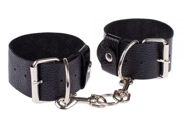 Кайдани на ноги чорного кольору зі шкіри вищої якості. Прикрашені заклепками з металу. Фіксуються наножники за допомогою пряжки, яка легко регулюється до потрібного розміру. Внутрішня підкладка виконана з м'якої шкіри спеціально для комфортного носіння. Стильний аксесуар для БДСМ ігор.
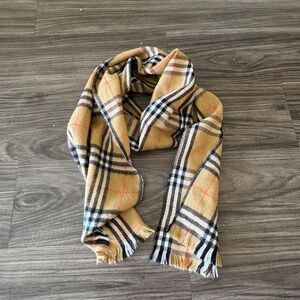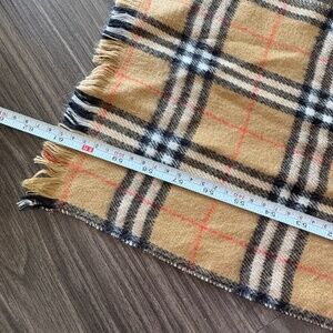 AUTHENTIC Burberry 100% Lambswool Scarf House Nova Check Vintage Plaid Full Length Long Fringe Scarf Tan Brown Red White Black
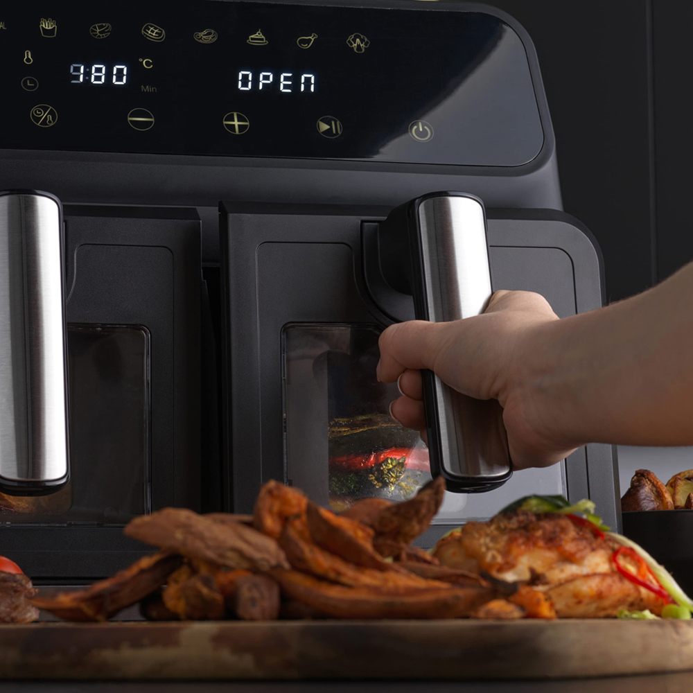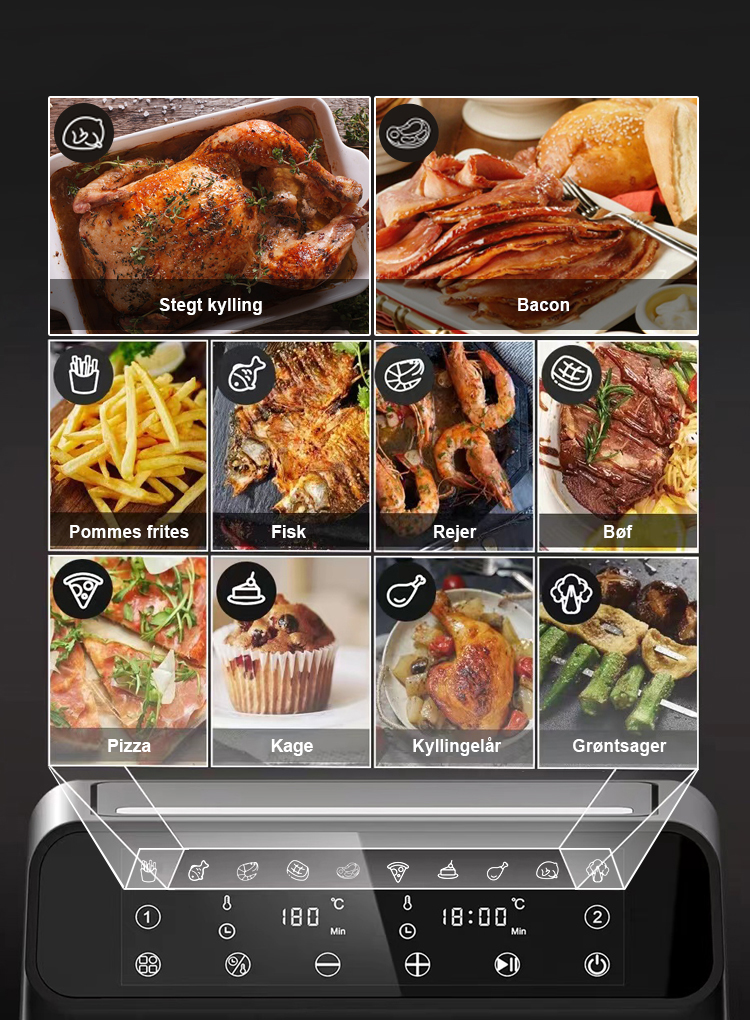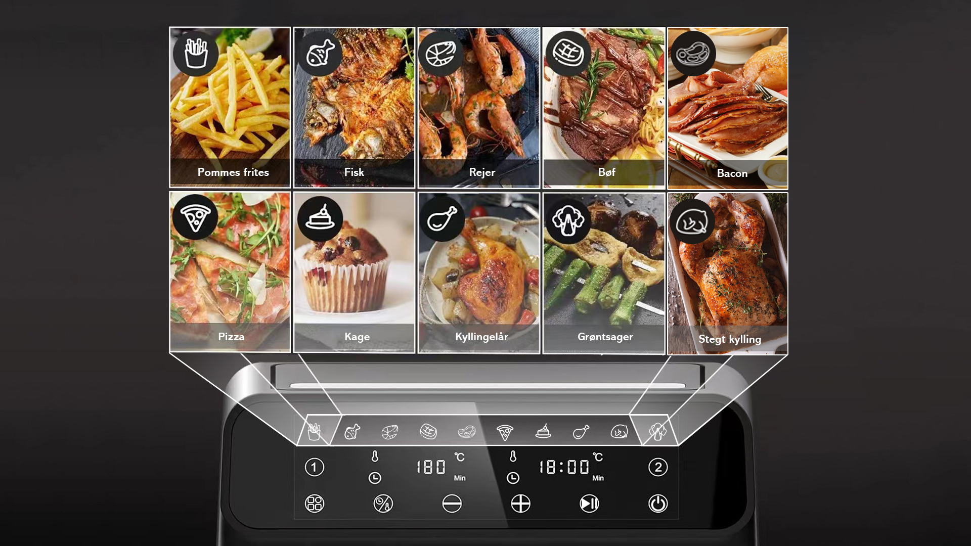 Den bruger overopvarmet luft og et effektivt luftstrømsdesign til at skabe sprødt og lækkert stegt mad uden dårlig samvittighed.
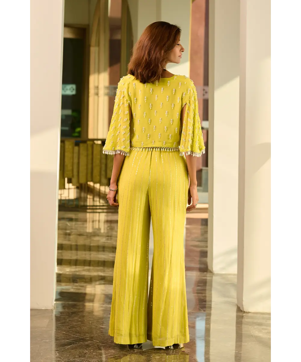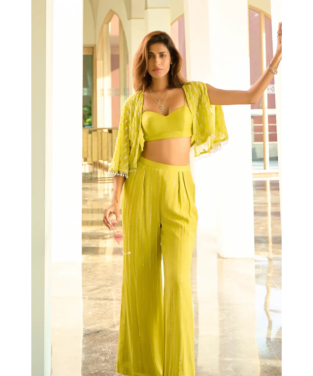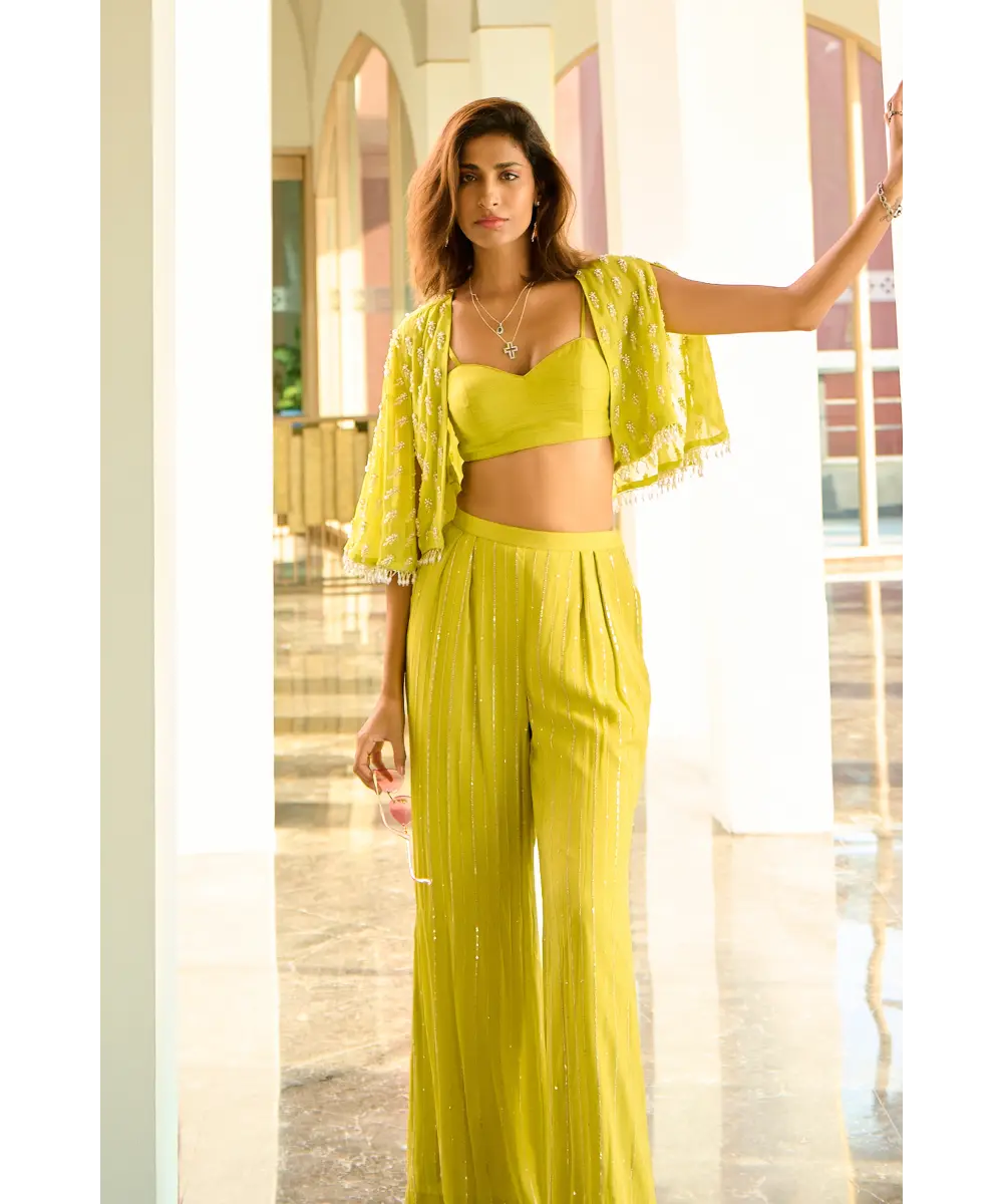 Lime green pant and bustier paired with embellished organza cape
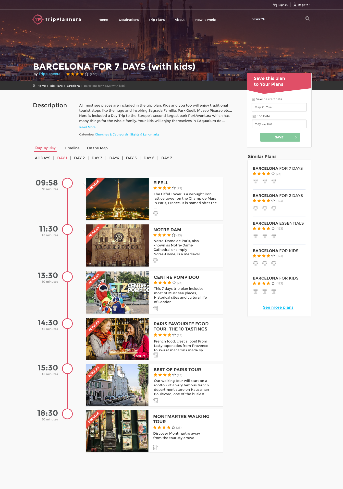 TripPlannera is a personalized itinerary planner, which combines all kind of travel activities into one dashboard (attractions, restaurants, tours,local events, etc,,) and provides editable itineraries created by smart planner or professional guides. All itineraries are free to use (even offline) and travelers can book activities they want from it.

**Assignment:**
Every line of the records must come back unchanged, except that pictures are dropped.

**Problem solution:**
 Кайдани на ноги чорного кольору зі шкіри вищої якості. Прикрашені заклепками з металу. Фіксуються наножники за допомогою пряжки, яка легко регулюється до потрібного розміру. Внутрішня підкладка виконана з м'якої шкіри спеціально для комфортного носіння. Стильний аксесуар для БДСМ ігор.
 AUTHENTIC Burberry 100% Lambswool Scarf House Nova Check Vintage Plaid Full Length Long Fringe Scarf Tan Brown Red White Black
 Den bruger overopvarmet luft og et effektivt luftstrømsdesign til at skabe sprødt og lækkert stegt mad uden dårlig samvittighed.
 Lime green pant and bustier paired with embellished organza cape
 TripPlannera is a personalized itinerary planner, which combines all kind of travel activities into one dashboard (attractions, restaurants, tours,local events, etc,,) and provides editable itineraries created by smart planner or professional guides. All itineraries are free to use (even offline) and travelers can book activities they want from it.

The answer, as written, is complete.